## PROVIDED DATA
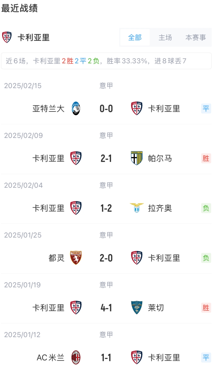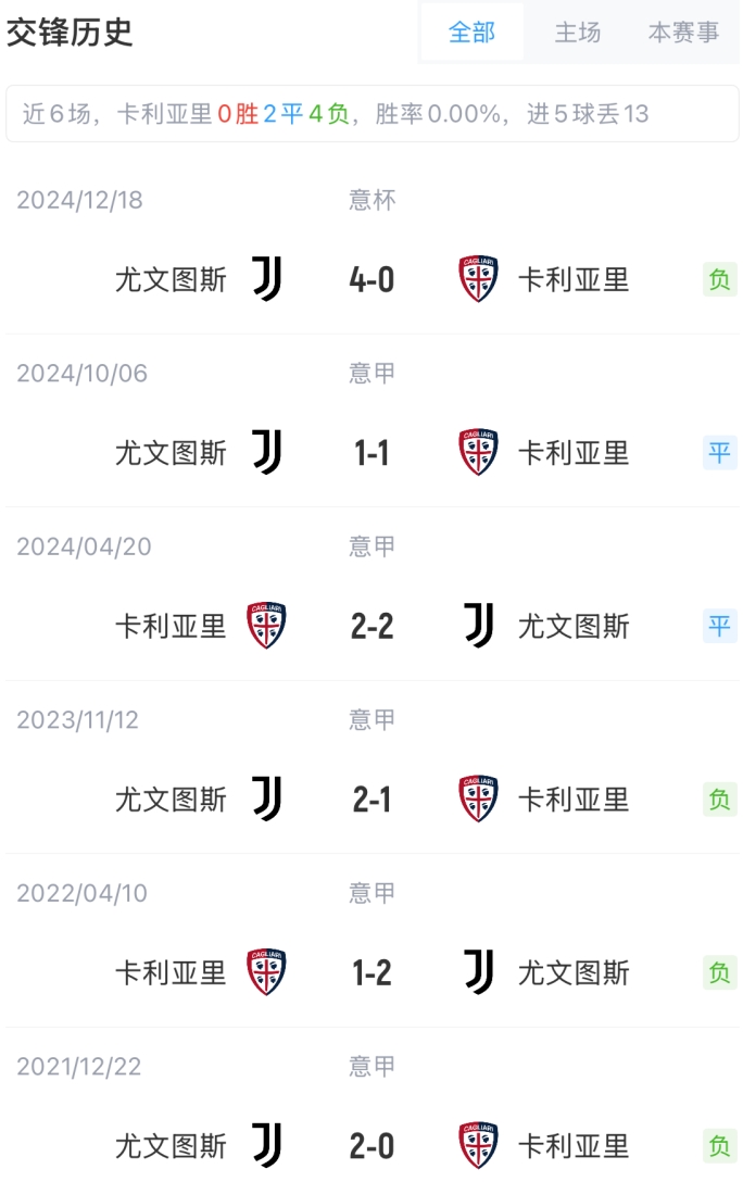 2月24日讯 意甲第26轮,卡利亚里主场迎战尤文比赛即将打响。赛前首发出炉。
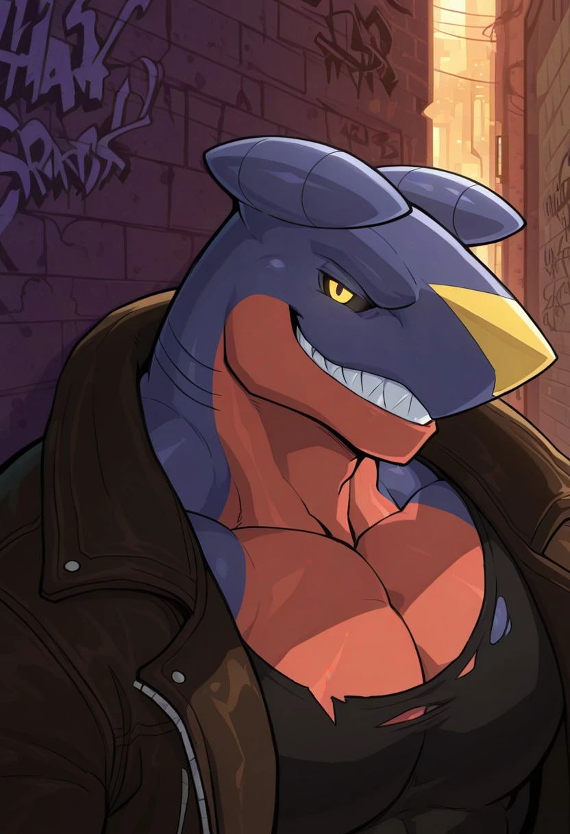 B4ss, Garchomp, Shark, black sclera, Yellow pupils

--

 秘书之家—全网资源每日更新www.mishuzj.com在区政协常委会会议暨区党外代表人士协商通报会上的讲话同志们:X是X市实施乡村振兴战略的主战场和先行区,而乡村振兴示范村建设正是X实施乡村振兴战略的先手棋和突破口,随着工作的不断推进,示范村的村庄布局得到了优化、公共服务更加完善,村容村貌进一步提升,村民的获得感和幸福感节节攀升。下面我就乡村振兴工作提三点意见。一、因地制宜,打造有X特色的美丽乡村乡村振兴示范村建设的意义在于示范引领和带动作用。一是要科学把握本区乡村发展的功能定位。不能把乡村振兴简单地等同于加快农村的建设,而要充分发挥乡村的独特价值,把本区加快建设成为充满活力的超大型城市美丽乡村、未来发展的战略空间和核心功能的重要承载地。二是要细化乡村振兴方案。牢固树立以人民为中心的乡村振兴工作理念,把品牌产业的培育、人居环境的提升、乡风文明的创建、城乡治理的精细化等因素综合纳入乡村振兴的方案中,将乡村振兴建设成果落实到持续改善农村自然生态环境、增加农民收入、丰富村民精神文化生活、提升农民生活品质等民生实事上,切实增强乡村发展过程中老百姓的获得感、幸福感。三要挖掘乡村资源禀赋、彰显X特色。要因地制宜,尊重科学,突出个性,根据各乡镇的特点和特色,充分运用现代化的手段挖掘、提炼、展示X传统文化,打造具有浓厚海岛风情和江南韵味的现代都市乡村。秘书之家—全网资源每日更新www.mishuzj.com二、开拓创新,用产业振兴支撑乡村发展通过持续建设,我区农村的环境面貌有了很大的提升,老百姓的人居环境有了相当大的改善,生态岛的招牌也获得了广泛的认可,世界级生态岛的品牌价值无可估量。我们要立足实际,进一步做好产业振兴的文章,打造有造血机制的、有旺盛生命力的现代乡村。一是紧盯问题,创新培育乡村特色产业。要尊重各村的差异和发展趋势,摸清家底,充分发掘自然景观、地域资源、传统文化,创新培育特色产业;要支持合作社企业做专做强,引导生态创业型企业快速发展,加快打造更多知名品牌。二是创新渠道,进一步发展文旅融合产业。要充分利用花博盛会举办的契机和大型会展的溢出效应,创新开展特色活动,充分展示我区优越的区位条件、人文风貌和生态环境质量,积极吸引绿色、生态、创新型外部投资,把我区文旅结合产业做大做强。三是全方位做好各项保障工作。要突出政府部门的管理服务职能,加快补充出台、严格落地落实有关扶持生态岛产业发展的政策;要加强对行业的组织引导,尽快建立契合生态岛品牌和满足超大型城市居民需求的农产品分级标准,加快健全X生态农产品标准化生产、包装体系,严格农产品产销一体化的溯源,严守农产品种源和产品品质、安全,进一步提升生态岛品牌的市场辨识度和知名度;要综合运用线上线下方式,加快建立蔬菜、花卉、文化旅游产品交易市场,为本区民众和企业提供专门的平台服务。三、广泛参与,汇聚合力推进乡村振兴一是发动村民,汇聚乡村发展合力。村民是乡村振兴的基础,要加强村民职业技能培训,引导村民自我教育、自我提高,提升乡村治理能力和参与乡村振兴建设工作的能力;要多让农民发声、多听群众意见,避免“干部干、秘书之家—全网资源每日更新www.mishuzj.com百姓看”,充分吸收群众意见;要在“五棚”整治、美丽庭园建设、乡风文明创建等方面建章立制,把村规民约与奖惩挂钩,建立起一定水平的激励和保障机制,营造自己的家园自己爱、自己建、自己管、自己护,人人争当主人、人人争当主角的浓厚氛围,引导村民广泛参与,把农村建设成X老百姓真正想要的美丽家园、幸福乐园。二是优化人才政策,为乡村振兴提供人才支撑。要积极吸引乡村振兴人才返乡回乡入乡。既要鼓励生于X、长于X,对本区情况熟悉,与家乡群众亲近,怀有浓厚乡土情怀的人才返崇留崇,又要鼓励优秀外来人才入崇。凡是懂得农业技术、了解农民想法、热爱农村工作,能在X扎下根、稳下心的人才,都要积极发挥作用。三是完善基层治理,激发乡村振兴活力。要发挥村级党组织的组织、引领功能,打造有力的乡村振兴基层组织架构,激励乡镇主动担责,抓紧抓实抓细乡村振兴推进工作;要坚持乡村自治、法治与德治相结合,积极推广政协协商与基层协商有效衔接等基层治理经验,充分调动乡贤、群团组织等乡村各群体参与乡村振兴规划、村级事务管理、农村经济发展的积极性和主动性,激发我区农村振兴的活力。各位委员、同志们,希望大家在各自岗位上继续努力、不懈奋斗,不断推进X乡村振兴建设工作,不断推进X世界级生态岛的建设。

## EXERCISE AIM
Skipping every picture, transcribe exactly the lines above from the one containing "2月24日讯 意甲第26轮,卡利亚里主场迎战尤文比赛即将打响。赛前首发出炉。" through the one containing "B4ss, Garchomp, Shark, black", both included.

## COMPLETED TASK
 2月24日讯 意甲第26轮,卡利亚里主场迎战尤文比赛即将打响。赛前首发出炉。
 B4ss, Garchomp, Shark, black sclera, Yellow pupils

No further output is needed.